The Sheriff held that the test was an objective one. The first step was to identify the activity and then decide if it amounted to a reasonable exercise of access rights. The final step was to examine the actings of the landowner to see if preventing access was his purpose.

It was argued for the Tuleys that Section 2 of the 2003 Act laid down that access takers had duties not to interfere with the rights of other access takers, in this case walkers, as well as the rights of the landowner. The Sheriff agreed, but concluded that the route was safe for use by both walkers and riders.

The Council argued that a landowner should never prevent access because that was prejudging the issue. It was for each access taker to decide if their actions were responsible. The Sheriff disagreed. In exceptional cases if the consequences could be correctly predicted the landowner could barr access. The Sheriff could envisage circumstances developing where that might be the case at Feddanhill Wood.

An expert’s report stated that 10 horses a day, several days a week, would lead to degradation of the route to an extent which the Sheriff regarded as infringing the rights of walkers and the owners. That would not be be responsible. The report was accepted by Highland Council. The question then was what evidence was there of how much use would be made of the route

On the evidence before the Court the Sheriff held that not all activity could be shown inevitably to lead to such a degree of degradation of the route. There was evidence of lesser use being made by the neighbouring riding school owner which would amount to light horse traffic. She would not use the path when muddy, or liable to be churned up.

The route ought to have been kept open for the responsible access takers, but the barriers barred all horse riders.

The Sheriff felt that the Tuley’s action was premature, and that they had not been able to assess what would happen in the future. If in practice the path degraded rapidly under light horse traffic then all horse use would be seen to be irresponsible. If it took several years to degrade, the difficulty would be to show that it was the responsible riders causing this and not irresponsible riders.

The Tuleys had been unable to establish that all horse riding would be irresponsible. But all horse riders would be prevented from using the route – the responsible exercising access rights as well as the irresponsible (who could not be exercising access rights).

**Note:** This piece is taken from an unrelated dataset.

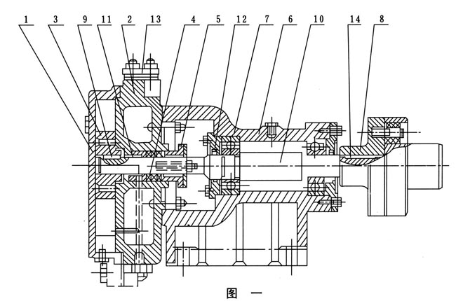 由鑄鐵制成葉輪(3),有l(wèi)2個(gè)葉片呈放射狀均分布,有平衡孔(其中兩個(gè)套扣供拆卸用)平軸向力?谑喥芥I(9)與軸(10)聯(lián)接并可沿軸向滑動(dòng)調(diào)節(jié)間隙。軸為優(yōu)質(zhì)鋼制成,支承在泵的托架(6)內(nèi)的兩個(gè)滾珠軸承(17)上右端有彈性聯(lián)軸器(8)和電機(jī)直接聯(lián)接。托架(6)用鑄鐵制成,有止口保證與泵體準(zhǔn)確聯(lián)接,軸承間有空腔,可存潤(rùn)滑油,用稀油或黃油滑均可。

The Sheriff’s personal view was that signage could solve the problem. Signs cautioning against use of the route in mud-making conditions would protect the route, and signs prohibiting access to the paths in the path network that Highland Council had conceded were unsuitable for horses would prevent riding there. This is in line with the approach of the Executive, SNH, the National Access Forum, Highland Council and the British Horse Society. That can now be put to the test in a part of the world where there must be hope of success.